Oxford Text Checker: If you hover over a word in your text with more than one possible part of speech, the Oxford Text Checker shows a box giving the CEFR level of each one, e.g. v = A2, n = B1. Although it only shows the level for the most basic meaning of the word (see multi-sense words below).

Many tools also fail to label certain words, especially function words. So, in the sentence - Others end up in hospital needing oxygen. – many tools left others without a level because they just weren’t sure what to do with it grammatically. Contractions (they’ve, she’d, who’s) also tend to go unlabelled, but are rarely a big issue.

MULTI-SENSE WORDS

English is a highly polysemous language; lots of words have multiple meanings which students are likely to come across and recognize at different levels. Most published word lists take this into account and assign different level labels to different meanings. Most text analysers though just opt for the most frequent (and usually lowest level) sense. We’ve already seen that to an extent with contract above, but even without the part of speech issue, if you put in a sentence like - There are links in the table below. – table will be shown as A1 (the piece of furniture) rather than A2/B1 (a graphic).

Text Inspector: As we saw above, Text Inspector gets around this by offering drop-downs for any words you suspect may be used in a less obvious sense.

MULTI-WORD EXPRESSIONS

For me, the biggest issue to look out for with text analysers is that they mostly treat words individually and ignore the fact that a large proportion of most texts (30-50% by some estimates) is made up of chunks; phrasal verbs (end up, carry on), mundane phrases (of course, as usual, a lot of) and idioms (under the weather, have no idea). And of course, a phrase is often going to have a very different level from the sum of its parts.

Unlike with the more glaring mis-tags of part of speech and meaning, I think multi-word items are far more difficult to spot because as expert speakers, we tend to read through them without noticing, but for students, an unknown phrasal verb can be a real stumbling block. It takes a keen eye to spot every phrase and phrasal verb in a text when it hasn’t been tagged.

Text Inspector: Again, the only tool to rate a bit better here is Text Inspector. It does at least manage to identify some phrases. In the sample text that I’ve been using for this post, it correctly picked out the phrasal verbs end up and carry on and the phrase have no idea.

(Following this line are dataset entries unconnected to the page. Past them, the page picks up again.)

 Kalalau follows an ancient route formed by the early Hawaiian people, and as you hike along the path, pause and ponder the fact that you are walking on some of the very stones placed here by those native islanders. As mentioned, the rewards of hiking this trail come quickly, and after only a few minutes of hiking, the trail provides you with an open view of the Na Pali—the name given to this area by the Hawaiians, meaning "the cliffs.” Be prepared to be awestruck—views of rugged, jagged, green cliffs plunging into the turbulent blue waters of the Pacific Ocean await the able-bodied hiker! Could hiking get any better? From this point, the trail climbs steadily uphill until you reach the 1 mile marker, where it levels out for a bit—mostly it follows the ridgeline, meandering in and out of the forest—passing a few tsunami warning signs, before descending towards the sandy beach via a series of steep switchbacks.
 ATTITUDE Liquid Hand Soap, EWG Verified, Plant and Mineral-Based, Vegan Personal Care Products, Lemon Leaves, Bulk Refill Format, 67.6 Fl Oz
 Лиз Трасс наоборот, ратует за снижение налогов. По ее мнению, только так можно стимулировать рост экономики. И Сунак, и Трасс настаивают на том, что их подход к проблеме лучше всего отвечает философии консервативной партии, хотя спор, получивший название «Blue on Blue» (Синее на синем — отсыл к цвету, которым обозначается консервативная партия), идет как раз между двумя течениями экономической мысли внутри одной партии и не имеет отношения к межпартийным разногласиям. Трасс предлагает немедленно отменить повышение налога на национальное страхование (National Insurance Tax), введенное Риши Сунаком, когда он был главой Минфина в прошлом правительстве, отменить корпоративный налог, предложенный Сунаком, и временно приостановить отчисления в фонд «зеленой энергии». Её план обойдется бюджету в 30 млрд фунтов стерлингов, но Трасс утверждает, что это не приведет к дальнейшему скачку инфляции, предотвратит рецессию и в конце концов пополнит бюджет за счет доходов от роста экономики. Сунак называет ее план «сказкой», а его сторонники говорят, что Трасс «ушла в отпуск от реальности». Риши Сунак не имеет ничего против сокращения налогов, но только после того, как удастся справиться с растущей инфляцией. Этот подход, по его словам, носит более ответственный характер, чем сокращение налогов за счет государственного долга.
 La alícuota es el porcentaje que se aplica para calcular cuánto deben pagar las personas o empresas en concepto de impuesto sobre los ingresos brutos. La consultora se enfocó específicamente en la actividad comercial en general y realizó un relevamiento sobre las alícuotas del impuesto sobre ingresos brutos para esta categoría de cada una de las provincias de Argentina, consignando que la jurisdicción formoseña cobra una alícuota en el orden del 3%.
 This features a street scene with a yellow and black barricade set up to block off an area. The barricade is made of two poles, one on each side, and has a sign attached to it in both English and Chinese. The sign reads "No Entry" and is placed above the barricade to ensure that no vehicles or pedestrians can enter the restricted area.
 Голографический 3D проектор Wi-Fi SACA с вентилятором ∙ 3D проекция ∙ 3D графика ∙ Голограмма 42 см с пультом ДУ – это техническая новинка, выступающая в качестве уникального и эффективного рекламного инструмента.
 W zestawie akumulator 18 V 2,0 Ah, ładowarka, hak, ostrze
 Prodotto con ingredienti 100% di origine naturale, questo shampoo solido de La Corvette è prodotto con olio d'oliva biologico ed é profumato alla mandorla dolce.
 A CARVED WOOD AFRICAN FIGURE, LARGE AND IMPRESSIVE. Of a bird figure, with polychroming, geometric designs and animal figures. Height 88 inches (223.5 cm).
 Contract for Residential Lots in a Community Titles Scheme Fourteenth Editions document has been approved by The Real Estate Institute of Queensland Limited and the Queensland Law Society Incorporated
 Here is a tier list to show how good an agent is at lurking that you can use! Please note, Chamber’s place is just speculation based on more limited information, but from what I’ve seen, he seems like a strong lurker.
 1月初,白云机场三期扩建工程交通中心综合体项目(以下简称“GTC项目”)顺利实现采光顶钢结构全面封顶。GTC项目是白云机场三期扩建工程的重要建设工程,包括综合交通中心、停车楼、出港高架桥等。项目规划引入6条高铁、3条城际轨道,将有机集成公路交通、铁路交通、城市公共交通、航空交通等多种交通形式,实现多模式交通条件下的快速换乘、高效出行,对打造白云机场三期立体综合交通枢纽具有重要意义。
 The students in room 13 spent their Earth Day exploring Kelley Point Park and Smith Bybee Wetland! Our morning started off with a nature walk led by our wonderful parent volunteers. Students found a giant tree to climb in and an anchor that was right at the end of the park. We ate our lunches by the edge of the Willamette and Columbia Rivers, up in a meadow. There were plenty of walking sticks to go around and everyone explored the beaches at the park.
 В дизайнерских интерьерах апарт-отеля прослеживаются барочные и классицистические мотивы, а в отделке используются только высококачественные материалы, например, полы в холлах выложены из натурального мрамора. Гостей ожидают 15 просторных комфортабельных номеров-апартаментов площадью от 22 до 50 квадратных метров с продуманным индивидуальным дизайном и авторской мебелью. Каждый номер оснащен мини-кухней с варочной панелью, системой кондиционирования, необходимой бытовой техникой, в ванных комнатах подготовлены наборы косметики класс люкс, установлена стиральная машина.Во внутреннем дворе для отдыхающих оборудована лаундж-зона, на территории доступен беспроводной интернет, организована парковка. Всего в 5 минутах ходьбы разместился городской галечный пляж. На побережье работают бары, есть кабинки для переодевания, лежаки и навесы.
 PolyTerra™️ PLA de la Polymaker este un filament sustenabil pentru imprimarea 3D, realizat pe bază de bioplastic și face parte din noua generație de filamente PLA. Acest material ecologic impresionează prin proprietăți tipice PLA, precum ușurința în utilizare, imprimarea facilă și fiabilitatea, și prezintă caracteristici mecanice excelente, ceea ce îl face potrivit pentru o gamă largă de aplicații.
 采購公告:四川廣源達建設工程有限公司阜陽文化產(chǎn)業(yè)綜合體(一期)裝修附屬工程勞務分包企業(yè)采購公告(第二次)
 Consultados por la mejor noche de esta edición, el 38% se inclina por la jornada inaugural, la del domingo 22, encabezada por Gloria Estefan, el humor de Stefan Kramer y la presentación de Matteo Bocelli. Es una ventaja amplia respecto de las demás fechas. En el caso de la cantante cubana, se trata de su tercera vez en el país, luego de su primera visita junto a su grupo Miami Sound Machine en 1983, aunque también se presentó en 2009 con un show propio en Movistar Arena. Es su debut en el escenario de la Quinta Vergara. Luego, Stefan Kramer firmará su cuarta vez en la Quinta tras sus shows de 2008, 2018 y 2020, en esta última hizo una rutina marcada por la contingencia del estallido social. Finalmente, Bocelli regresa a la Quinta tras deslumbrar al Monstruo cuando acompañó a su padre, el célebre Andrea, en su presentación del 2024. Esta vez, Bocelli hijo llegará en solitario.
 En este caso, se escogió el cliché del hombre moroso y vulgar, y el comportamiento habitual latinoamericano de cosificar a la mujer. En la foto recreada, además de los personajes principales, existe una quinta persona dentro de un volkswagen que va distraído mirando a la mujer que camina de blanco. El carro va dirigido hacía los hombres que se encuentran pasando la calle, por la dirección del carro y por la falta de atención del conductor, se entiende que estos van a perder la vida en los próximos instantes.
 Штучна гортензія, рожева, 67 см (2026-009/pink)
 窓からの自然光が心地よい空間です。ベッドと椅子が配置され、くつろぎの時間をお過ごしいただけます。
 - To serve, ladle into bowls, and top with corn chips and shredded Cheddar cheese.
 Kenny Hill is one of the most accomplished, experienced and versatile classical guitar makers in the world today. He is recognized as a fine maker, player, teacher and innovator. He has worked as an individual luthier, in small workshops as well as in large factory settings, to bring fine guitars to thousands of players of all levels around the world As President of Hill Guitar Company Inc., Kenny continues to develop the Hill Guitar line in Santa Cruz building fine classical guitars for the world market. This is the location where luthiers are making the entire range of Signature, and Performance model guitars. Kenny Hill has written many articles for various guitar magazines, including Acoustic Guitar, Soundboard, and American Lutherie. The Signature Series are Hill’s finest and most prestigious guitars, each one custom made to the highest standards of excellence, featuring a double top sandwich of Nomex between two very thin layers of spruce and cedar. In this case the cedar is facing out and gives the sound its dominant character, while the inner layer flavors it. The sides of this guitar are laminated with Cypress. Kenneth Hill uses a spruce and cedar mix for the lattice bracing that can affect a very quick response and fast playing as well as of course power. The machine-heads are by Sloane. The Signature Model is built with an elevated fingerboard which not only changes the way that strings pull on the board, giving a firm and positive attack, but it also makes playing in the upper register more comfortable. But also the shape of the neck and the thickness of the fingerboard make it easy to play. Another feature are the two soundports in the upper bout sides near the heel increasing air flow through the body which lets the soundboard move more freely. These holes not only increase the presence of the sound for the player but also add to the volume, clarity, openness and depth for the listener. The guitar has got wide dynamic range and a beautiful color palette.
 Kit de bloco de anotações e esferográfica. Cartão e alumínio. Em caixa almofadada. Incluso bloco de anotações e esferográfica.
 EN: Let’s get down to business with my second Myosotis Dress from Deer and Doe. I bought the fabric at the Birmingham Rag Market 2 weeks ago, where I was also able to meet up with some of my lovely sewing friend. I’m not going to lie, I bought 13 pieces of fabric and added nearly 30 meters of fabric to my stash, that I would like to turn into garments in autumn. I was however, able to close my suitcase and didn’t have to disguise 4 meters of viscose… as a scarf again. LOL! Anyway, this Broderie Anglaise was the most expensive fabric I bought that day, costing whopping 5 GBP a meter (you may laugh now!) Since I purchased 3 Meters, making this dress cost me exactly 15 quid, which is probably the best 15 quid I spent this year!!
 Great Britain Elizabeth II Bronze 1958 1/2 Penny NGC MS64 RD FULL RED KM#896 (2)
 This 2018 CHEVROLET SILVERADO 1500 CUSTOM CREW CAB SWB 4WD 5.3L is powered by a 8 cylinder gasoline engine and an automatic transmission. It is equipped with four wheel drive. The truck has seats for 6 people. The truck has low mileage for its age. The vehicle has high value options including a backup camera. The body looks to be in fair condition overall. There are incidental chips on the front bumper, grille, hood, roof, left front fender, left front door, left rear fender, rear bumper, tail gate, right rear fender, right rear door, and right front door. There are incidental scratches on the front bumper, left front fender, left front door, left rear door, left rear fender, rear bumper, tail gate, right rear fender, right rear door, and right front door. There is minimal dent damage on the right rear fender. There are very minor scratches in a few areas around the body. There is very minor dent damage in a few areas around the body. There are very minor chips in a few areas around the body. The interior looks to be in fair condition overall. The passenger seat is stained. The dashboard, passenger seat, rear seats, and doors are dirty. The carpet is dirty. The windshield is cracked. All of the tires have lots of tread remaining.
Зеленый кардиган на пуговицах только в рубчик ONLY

It didn’t recognize pass it on (presumably because of the object in-between), but you can click on pass and choose the phrasal verb sense from the drop-down. Similarly, it didn’t pick up under the weather, but again, you can click on weather and select the idiom and it changes weather from A1 to C2. It doesn’t allow you to neatly link up the whole phrase (I don’t think), but it’s a reasonable compromise.

WHICH TOOL?

You’ll probably have gathered by this point that Text Inspector is very clearly out in front when it comes to analysing vocab from an ELT perspective. I subscribe to the paid version which gives you full functionality. You’ll find a link to a free version in Pete’s post which does much the same, but I’m not going to reshare it because, well, I think we should be paying for the good stuff and it’s a very small amount to invest for a really useful resource.

Here’s a brief overview of some of what’s out there though:

Text Inspector

Free version has limited functionality and doesn’t give CEFR analysis. Sign up for the paid version to get everything via: https://textinspector.com/

Word lists: The paid version allows you to analyse the vocab in a text in terms of EVP, AWL (the Aacademic Word List), BNC and COCA – these last two are corpora and it shows you the frequency of words as they appear in each corpus – useful if you’re into corpora.

Comments: By far the best I’ve seen in terms of at least trying to take into account the factors above.

Oxford Text Checker

Free via: https://www.oxfordlearnersdictionaries.com/text-checker/ (If you get to the main dictionary home page, click on Resources to find it)

Word lists: Based on the Oxford 3000 & 5000.

Comments: Easy to use and colour codes words by CEFR level. However, it always opts for the most common form/meaning of a word and doesn’t recognize phrases. If you hover over a word, it does at least show different CEFR options for different parts of speech, e.g. hovering over feel, you get a box showing v=A1 n=B2. You can also double-click on any of the words in your text to go direct to the dictionary entry which is useful for quickly checking the CEFR label against different meanings. It also has options to create word lists and activities from texts, but given the shortcomings, I wouldn’t be inclined to use them without heavy editing.

VocabKitchen

Free via: https://www.vocabkitchen.com/profile

Word lists: It shows words on the AWL and NAWL (New Academic Word List). It also claims to show words by CEFR level, but I can’t find out what word list it’s using which for me is a bit of a red flag.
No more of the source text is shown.